# Configure pptp vpn service



## blind0ne (Oct 28, 2021)

Hello, I would like to setup VPN server on my machine to connect on from Windows. I've installed mpd from ports, and here is my config. in rc.conf:

```
mpd_enable=YES
mpd_flags="-b"
gateway_enable="YES"
```
And in:

```
/u/l/e/mpd5# diff mpd.conf.sample mpd.conf
31c31
<       load dialup
---
>       load pptp_server
184c184
<       set ippool add pool1 192.168.1.50 192.168.1.99
---
>       set ippool add pool1 172.17.0.2 172.17.0.50
193,195c193,194
<       set ipcp ranges 192.168.1.1/32 ippool pool1
<       set ipcp dns 192.168.1.3
<       set ipcp nbns 192.168.1.4
---
>       set ipcp ranges 172.17.0.1/32 ippool pool1
>       set ipcp dns 172.17.0.1
220c219
<         set pptp self 1.2.3.4
---
>         set pptp self 9*.2*.2*.9*
```
But I still can't connect and don't now where to look for logs or enable them. Thanks


----------



## SirDice (Oct 28, 2021)

blind0ne said:


> I would like to setup VPN server on my machine to connect on from Windows


Does it specifically have to be PPTP? Why don't you simply use OpenVPN? There's a good client for Windows for it.


----------



## blind0ne (Oct 28, 2021)

SirDice said:


> Does it specifically have to be PPTP? Why don't you simply use OpenVPN? There's a good client for Windows for it.

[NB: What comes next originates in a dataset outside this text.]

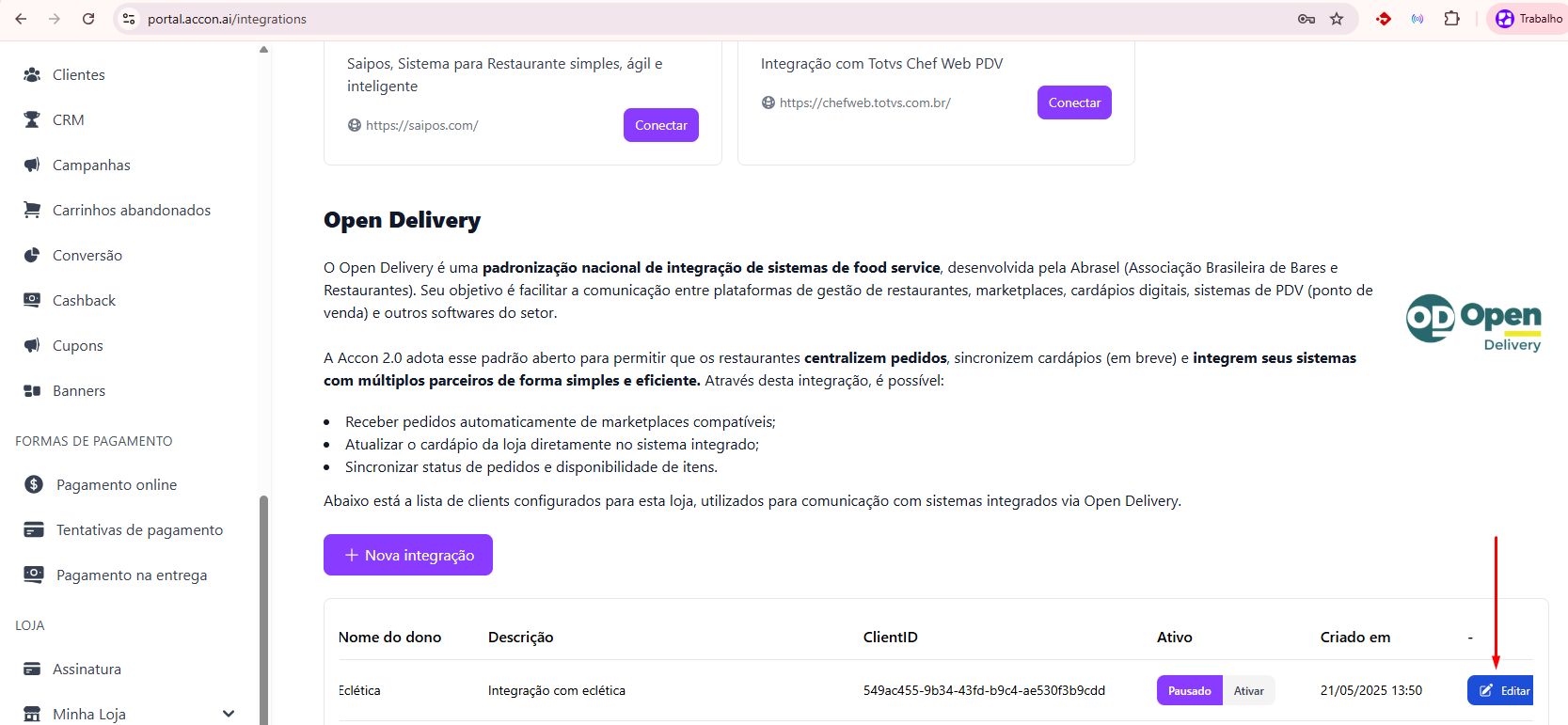 2️⃣ Vá até o final da página e clique em **Editar** ao lado da integração

I dont care whitch one to use, just used pptp before. Where I could find info about configuring this openVPN server of freebsd and clients both on win and android?


----------



## hardworkingnewbie (Oct 28, 2021)

Microsoft PPTPv1 is broken according to Bruce Schneier. Depends of course on your version of Windows, too. PPTPv2 is more robust, but still questionable according to Schneier.






						Schneier on Security: Frequently Asked Questions about Microsoft's PPTP Implementation
					






					www.schneier.com
				




But in short, as soon as somewhere Windows is involed there: don't use it. Use OpenVPN, IPSec or Wireguard instead.


----------



## SirDice (Oct 28, 2021)

blind0ne said:


> Where I could find info about configuring this openVPN server of freebsd and clients both on win and android?

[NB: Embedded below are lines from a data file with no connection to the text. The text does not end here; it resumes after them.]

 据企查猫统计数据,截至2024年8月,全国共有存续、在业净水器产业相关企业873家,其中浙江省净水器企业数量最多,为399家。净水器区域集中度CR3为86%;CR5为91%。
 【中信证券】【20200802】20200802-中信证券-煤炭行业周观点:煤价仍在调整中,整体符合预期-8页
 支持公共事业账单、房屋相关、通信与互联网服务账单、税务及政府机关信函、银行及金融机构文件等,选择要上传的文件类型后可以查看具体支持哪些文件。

There are plenty of example configurations on the OpenVPN website. You'll find the Windows client there too (https://openvpn.net/community-downloads/, don't download their "OpenVPN Connect", just use the community version). Don't know if there's a client for Android though. Never had to use one.


----------



## obsigna (Oct 28, 2021)

Setting up PPTP-VPN using mpd5


----------



## blind0ne (Oct 29, 2021)

SirDice said:


> There are plenty of example configurations on the OpenVPN website. You'll find the Windows client there too (https://openvpn.net/community-downloads/, don't download their "OpenVPN Connect", just use the community version). Don't know if there's a client for Android though. Never had to use one.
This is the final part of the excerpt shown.